I had always wondered what my reaction to this exact sort of scenario might be and I'd say I surprised even myself. I was not scared so much as I was surprised. Why would someone mug me, especially when I, at the moment (upon later inspection of my belongs) hand 35 cents on my person? I handed him my wallet and he asked if that was all of my money. Given that I knew the wallet to be empty and believing that I didn't actually have any cash on my person, I answered the question as it was asked and simply replied yes He then asked me to turn and walk toward the parking lot.
My friend was on the phone with me the entire time and I ignored his requests for more details as he had heard the demand both from his window and through the phone. After waiting around in the parking lot for a few seconds, I turned back around and went inside to call the police.
Just after giving my statement to the police, the friendly officer and one of his somewhat dickish peers sped off from the parking lot at what I would call an unsafe speed. While I was on hold with my bank hoping to cancel all of my cards (or at least tell them what happened so there would be a record), there was another heavy knock on the door. The police had returned and had caught the guy. It turns out I was the second person he mugged and he tried it a third time in a 30 minute span in the same square mile area.
So, I went and identified the gentleman and spent the better part of an evening being bored out of my mind in a police station. My property was recovered though the police alternately denied all knowledge of the existence of said property or to the exact location but eventually it was returned. Unfortunately, they kept my wallet and only returned the contents.
In his crime spree, the gentleman robbed a high-school junior who was penniless, me (who generally caries no cash at all) and a middle aged woman. In total his crime spree netted 18 USD in cash. My wallet was worth far more than that.

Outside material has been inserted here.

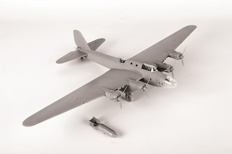 Сборная модель - Советский тяжелый бомбардировщик ТБ-7. Советский четырехмоторный бомбардировщик дальнего действия. Именно с помощью этих самолетов были осуществлены бомбардировки Берлина и Кенигсберга. Самолет производился с 1939 по 1945 годы. Набор деталей из пластмассы для сборки одной модели самолета.

What made it strange was that he did not demand my pricy watch, nor my phone that I was actively talking on, nor may backpack containing hundreds of dollars in books, a laptop easily worth a few hundred dollars even if sold quickly and the bag itself. My backpack alone was worth more than his take. Hell, the pens in my backpack were worth more than his take.
It only seemed weird in retrospect. In our brief encounter (lasting at best half a minute) I had a bigger impact on his life than anyone but my parents have had on me. The guy is in prison serving a lengthy sentence. When the police asked I simply said that if you ignored the gun and the required threat of death that comes with making any demand while holding a weapon he was perfectly polite. While I'm sure everyone has a mental image of a mugger, this gentleman hardly met mine. He was just a normal looking early 20 something. He looked like any number of people I might have attended college with. He was wearing a nice turtle neck and had a gun that would have taken him months to pay off if he continued being terrible at mugging people. In short, I was mugged by a guy who's total mugging experience was probably 1 person long at that point and that experience had been earned only minutes before in my apartment complex.